At 9:04 am on 11 December the unidentified man travelled by London Underground train from Ealing Broadway station to Euston station in London and then to Manchester Piccadilly. He walked to the moor on the afternoon of 11 December, from Greenfield, where he made enquiries at the Clarence pub about walking to Wimberry Stones. He was seen alive shortly after sunset (3:59 pm), by two Royal Society for the Protection of Birds staff, near the site at which his body was found the following day.

Wimberry Stones is a rock feature known locally as "Indian's Head" overlooking the reservoir. It was the site of a fatal aeroplane crash in 1949. Investigating detectives surmised the man may have been Stephen Evans, a survivor of the crash, but it was discounted after the BBC worked out, based on the 1949 report and the police statement, that he worked at the London School of Hygiene and Tropical Medicine and contacted him. He then contacted Greater Manchester Police to confirm he was still alive.

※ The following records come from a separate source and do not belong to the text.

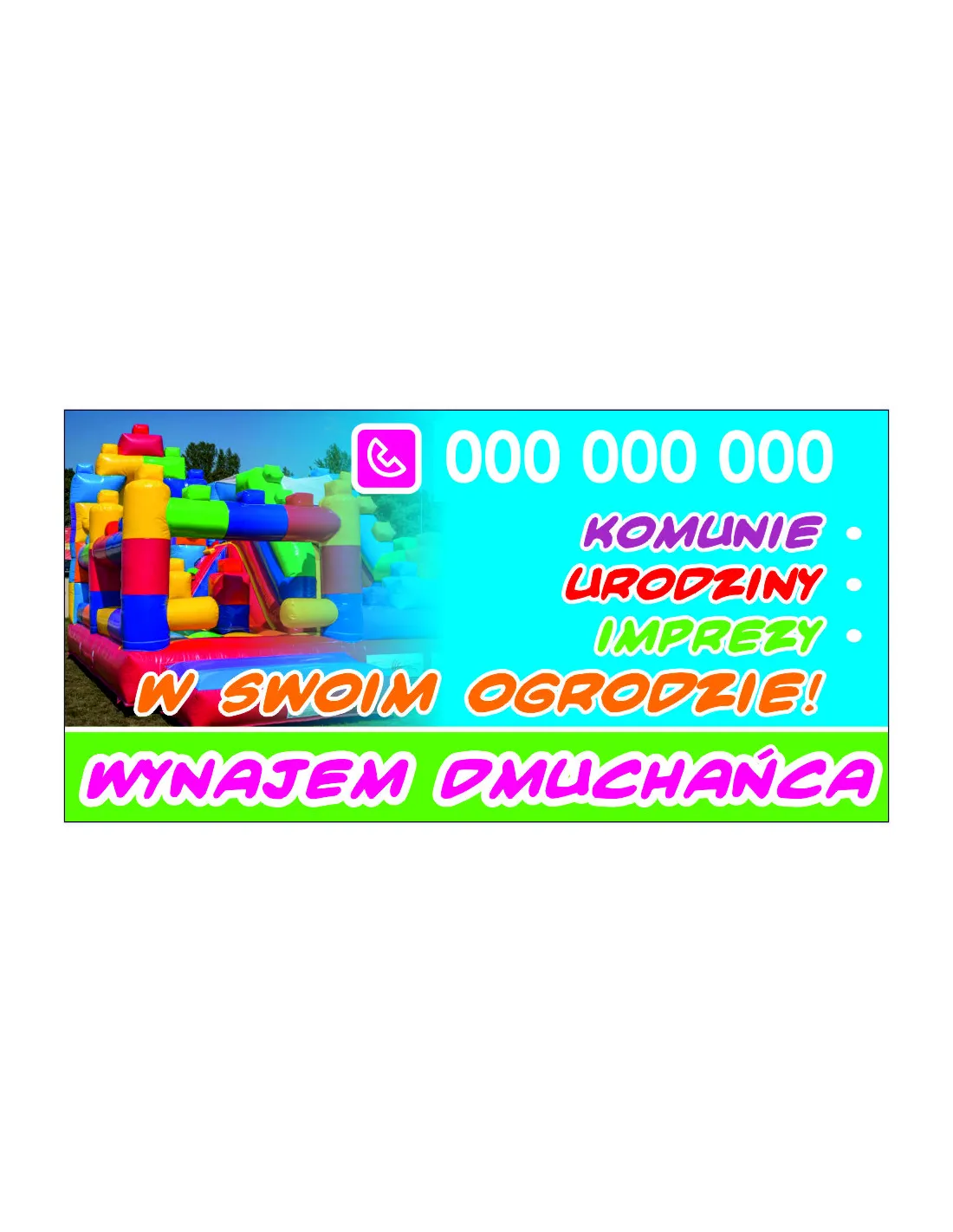 Szyld reklamowy REKLAMA 100x50 cm WYNAJEM DMUCHAŃCA
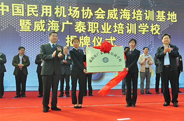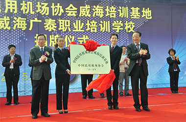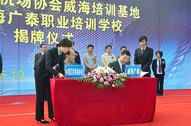 2015年10月,威海广泰与中国民用机场协会联合在威海广泰职业培训学校成立“中国民用机场协会威海培训基地”,整合优势资源,互利共赢,共同打造空港地面设备从业人员职业化培训平台,进一步拓宽了师资渠道和培训力量,提高培训质量和实效性,对推进我国机场从业人员资质能力培训的系统化、标准化,具有重要意义。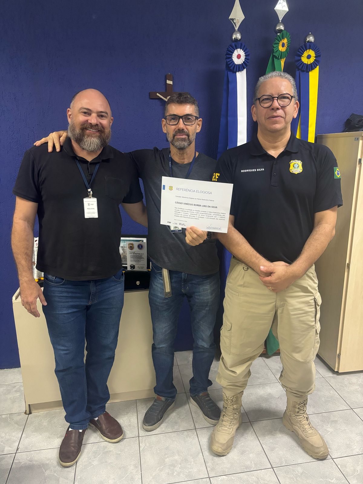 A Polícia Rodoviária Federal (PRF) promoveu nesta quarta-feira (19), uma entrega de certificados de referência elogiosa aos aposentados Laurenio Albuquerque da Silveira Filho e Cássio Vinícius Borba de Lins da Silva. O primeiro se aposentou em setembro de 2024 e o segundo, em fevereiro deste ano. Ambos tiveram o trabalho reconhecido durante a carreira na instituição.

==Identification and following investigation==

In January 2017 the body was identified as 67-year-old David Lytton, a former resident of London, who had flown into Heathrow Airport from Lahore in Pakistan on 10 December 2015. He was identified from photographs from a passenger list and images from CCTV in London. Greater Manchester Police confirmed his identity using DNA matching, characterising him as "a bit of a loner" who "liked his own company". Several witnesses subsequently described Lytton as living a minimalist lifestyle and reinforced the impression that he enjoyed living alone and keeping to himself. His brother, Jeremy Lawton, said that Lytton had meticulously "compartmentalised" his life in a way that his friends and family would not interact. Similarly, Salim Aktar, a close friend of Lytton for more than 30 years, did not know that Lytton had a girlfriend, Maureen Toogood.

Lytton had lived in Streatham, south London, from the 1980s until he moved to Pakistan in 2006. Former neighbours said he was a croupier who had once worked as a train driver for London Underground and after being made redundant from the casino had taken in lodgers, one of whom was of Pakistani appearance. The article reproduced personal information from Lytton's passport, showing a London birthplace and a birth date of 21 April 1948. The passport was issued on 8 September 2006 and would expire on 8 September 2016. The article reported that Lytton had arrived in Lahore on 6 October 2006, leaving almost six months later for Dubai. He returned to Lahore after four days, on 31 March 2007. The following November he left again, but there was no record of his returning.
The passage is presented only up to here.